I know I shouldn't really care, and if I did, I should be happy that he found his One. But can I just admit here on this page that I'm a little jealous? Maybe a part of me still cares for him, maybe I'm envious that he found his One while mind has yet to show his face. But anyway, when I think about all of this, I realize, despite how I feel, I am getting older.

* * *

**February 20 – Good Medicine**

I pull open the weighted door and am bombarded by a sweet wave of AC. Nothing will make you appreciate an air conditioned building more than summer sun and humidity while working outside. Ignoring the chill on my back where I'm a little sweaty, I sit down in the dilapidated couch in the atrium of the chapel. Outside the huge windows, where various spiders are weaving their homes to catch the flies that about infest the area, you can see the whole camp. The mess hall is at the bottom of the street, then the two stores on either side of the road, the cabins, and then at the crowning point the chapel. To the bottom left is the left, the bottom right, a path leading to the Nurse's, the corral, and the Laser Tag/Rock Wall building. Taking a deep breath, I sink into the seat and pull out my book, Bible, and binder.

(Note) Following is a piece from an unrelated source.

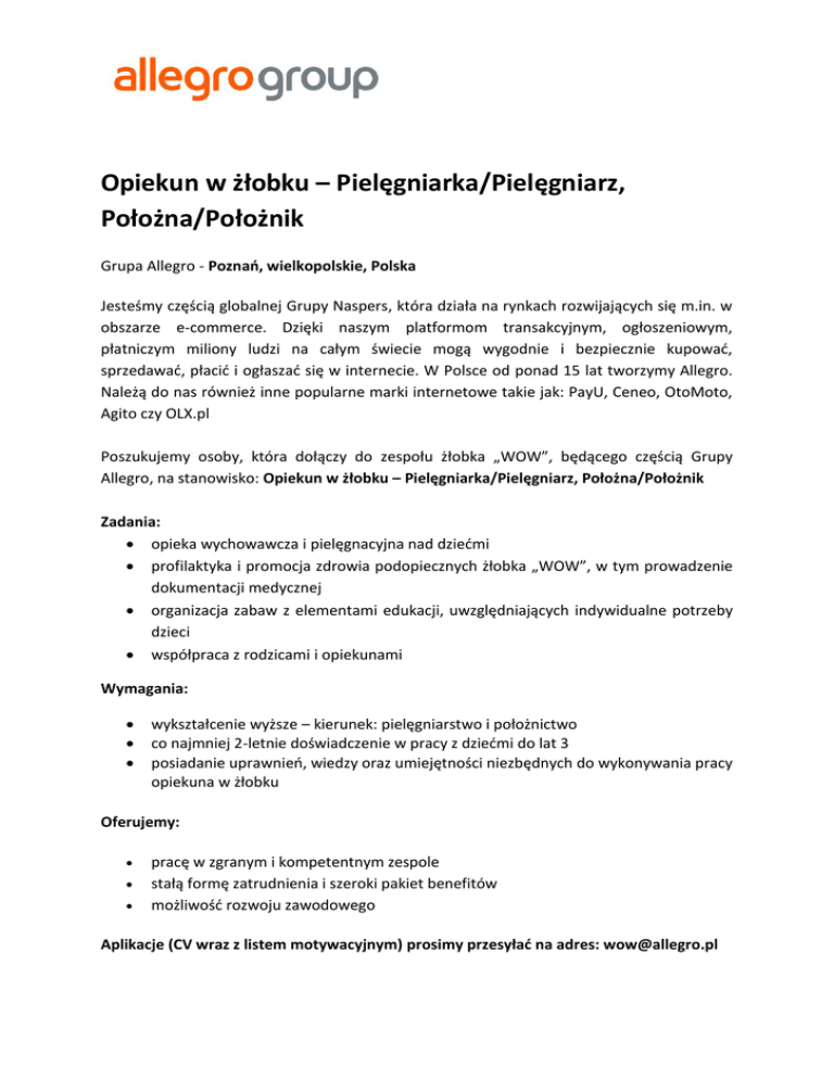Opiekun w żłobku – Pielęgniarka/Pielęgniarz, Położna/Położnik Grupa Allegro - Poznań, wielkopolskie, Polska Jesteśmy częścią globalnej Grupy Naspers, która działa na rynkach rozwijających się m.in. w obszarze e-commerce. Dzięki naszym platformom transakcyjnym, ogłoszeniowym, płatniczym miliony ludzi na całym świecie mogą wygodnie i bezpiecznie kupować, sprzedawać, płacić i ogłaszać się w internecie. W Polsce od ponad 15 lat tworzymy Allegro. Należą do nas również inne popularne marki internetowe takie jak: PayU, Ceneo, OtoMoto, Agito czy OLX.pl Poszukujemy osoby, która dołączy do zespołu żłobka „WOW”, będącego częścią Grupy Allegro, na stanowisko: Opiekun w żłobku – Pielęgniarka/Pielęgniarz, Położna/Położnik Zadania: opieka wychowawcza i pielęgnacyjna nad dziećmi profilaktyka i promocja zdrowia podopiecznych żłobka „WOW”, w tym prowadzenie dokumentacji medycznej organizacja zabaw z elementami edukacji, uwzględniających indywidualne potrzeby dzieci współpraca z rodzicami i opiekunami Wymagania: wykształcenie wyższe – kierunek: pielęgniarstwo i położnictwo co najmniej 2-letnie doświadczenie w pracy z dziećmi do lat 3 posiadanie uprawnień, wiedzy oraz umiejętności niezbędnych do wykonywania pracy opiekuna w żłobku Oferujemy: pracę w zgranym i kompetentnym zespole stałą formę zatrudnienia i szeroki pakiet benefitów możliwość rozwoju zawodowego Aplikacje (CV wraz z listem motywacyjnym) prosimy przesyłać na adres: [email protected]

Reading over my devotions, I smile to myself as I hear the high pitched squeals of children. They're on the slip and slide this morning. I thank God for their laughter and hearts as I continue.

Time passes, and I put away my stuff. Picking it up, I walk into the chapel: concrete floors supporting long pews on either side, ending at a stage. I place my things on the front pew, slip off my shoes, and let the iciness of the concrete seep into my body.

This is my favorite part. Now, it's just me and Him. I can't hear the kids, the AC, even the bell that will tell me when the next meal is. This is our time.

I talk to Him, pacing back and forth, laying out my heart. Sometimes I cry, other times I break out laughing. I ask Him to protect my family while I'm away, to be with my friends, to be working in these children's lives, and to protect His camp.

I stop the conversation for now and gather my things. I'll have to hurry if I want to make it to lunch on time. But this time is important. Just Him and me.

* * *

**February 21 – Impossible**

How?

How is it that despite everything that I've done

That you can still love me?

I've cursed your name

Lied and killed in my heart

Soiled my mind and soul with unclean images

I am nothing more than a tainted whore

A girl selling herself to the pleasures of the world

Praying for acceptance and a fullness

How can you still love me?

How can you take my hand and lift me from this filth?

A disgusting mire reeking of refuse

Take your own clothes to clean me off

Look at me with loving, but burdened eyes

I turned on you, ignored you

My own words and actions led to your death

Yet you treasure me like a gem, a princess, a bride

How can you love me despite all of this?


	10. Live and Learn

Hey ya'll, it's been a LONG time. So, this collection...yeah, funny story. My hard drive got wiped and I lost everything, including all the work I had done with this collection. So, no more updates, at least for this year. I'll be working on clearing my plate a bit, working on Replay again, but until next year, I'm putting this one on the back burner. Maybe views in the meantime.